The invention relates to medicine, in particular to cardiac surgery, and can be widely used in the surgical treatment of heart diseases of ischemic origin, in particular post-infarction cardiosclerosis, ischemic cardiomyopathy, chronic heart failure, etc.

A known method of surgical treatment of coronary heart disease, which consists in the formation of transmural channels in the myocardium of the left ventricle using laser radiation with a diameter of 0.5-1.0 mm The channels are formed using CO ₂ laser radiation with a wavelength of 10.6 μm, an output power of 250-1000 W at an exposure of 0.03-0.1 s (see patent RU No. 2200042, IPC-7: АВВ 17/00, publ. 03/10/2003).

According to the authors, the known method allows to increase the functioning of the newly formed vessels.

Despite the fact that laser revascularization surgery allows the formation of a new vascular bed in the ischemic myocardium that compensates for circulatory failure, this is not enough to restore the contractile function of the heart, since the structure of the damaged myocardium is not restored.

A known method of treating coronary heart disease by using cell transplantation is the introduction of autologous atrial cardiomyocytes into the necrosis zone (see application RU No. 20011131388, IPC-7: A61K 35/34, publ. 10.08.2003).

According to the authors of this method, this technique allows you to restore the structure and function of the disabled myocardium.
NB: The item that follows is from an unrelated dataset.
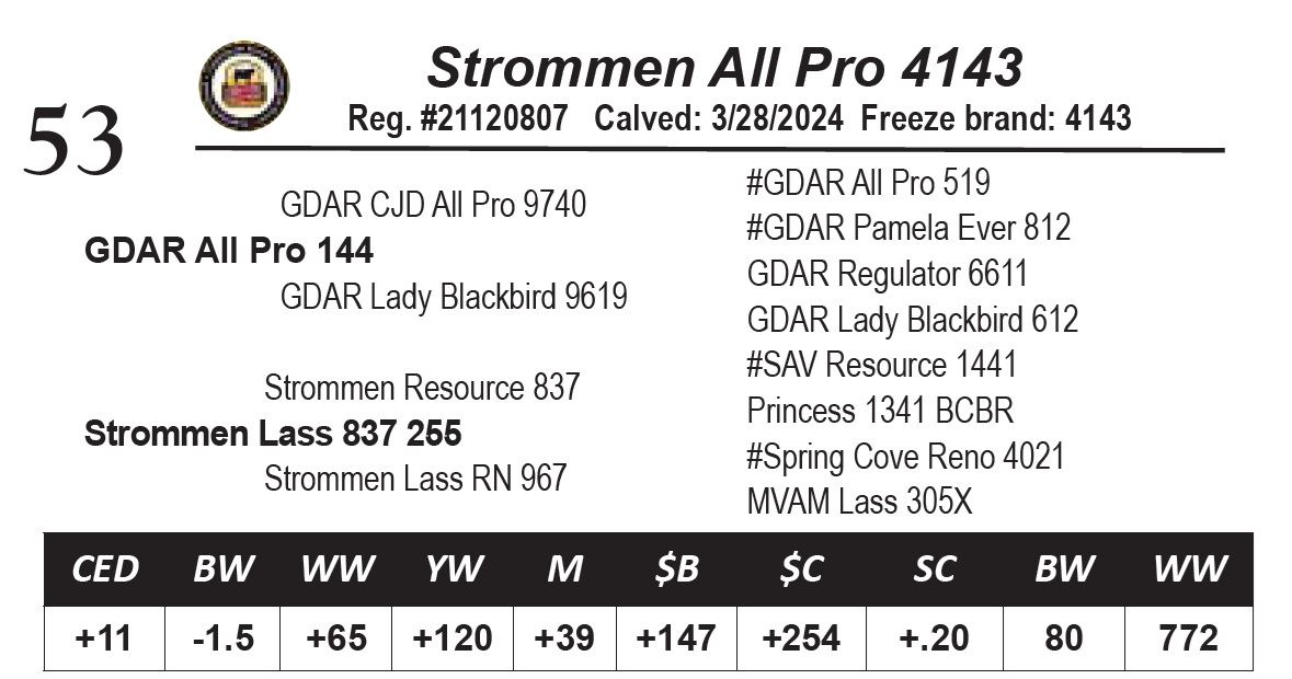 Another good calving ease bull. Don't overlook this one. He's the second youngest in the sale and will be just over 11 months old on sale day! *His Carcass EPDs: Marb: +.75, RE: +.53. His WR: 102, Dam’s WR: 1/102.

However, it is the use of autologous atrial cardiomyocytes that are not able to divide that makes the introduced structure less capable of engraftment in cardiac tissue.

And their introduction into the necrosis zone further reduces the ability to engraft.

However, the vascular bed is not restored sufficiently.

There is a known method of stem cell implantation in the myocardium in the experiment, chosen as the closest analogue, which consists in preliminary creating blind channels in the myocardial areas with a post-infarction scar using a laser beam and introducing stem cells into this channel with subsequent stitching of the hole with a previously applied purse string suture (see patent RU No. 2237440, IPC-7: АВВ 17/00, publ. 10.10.2004).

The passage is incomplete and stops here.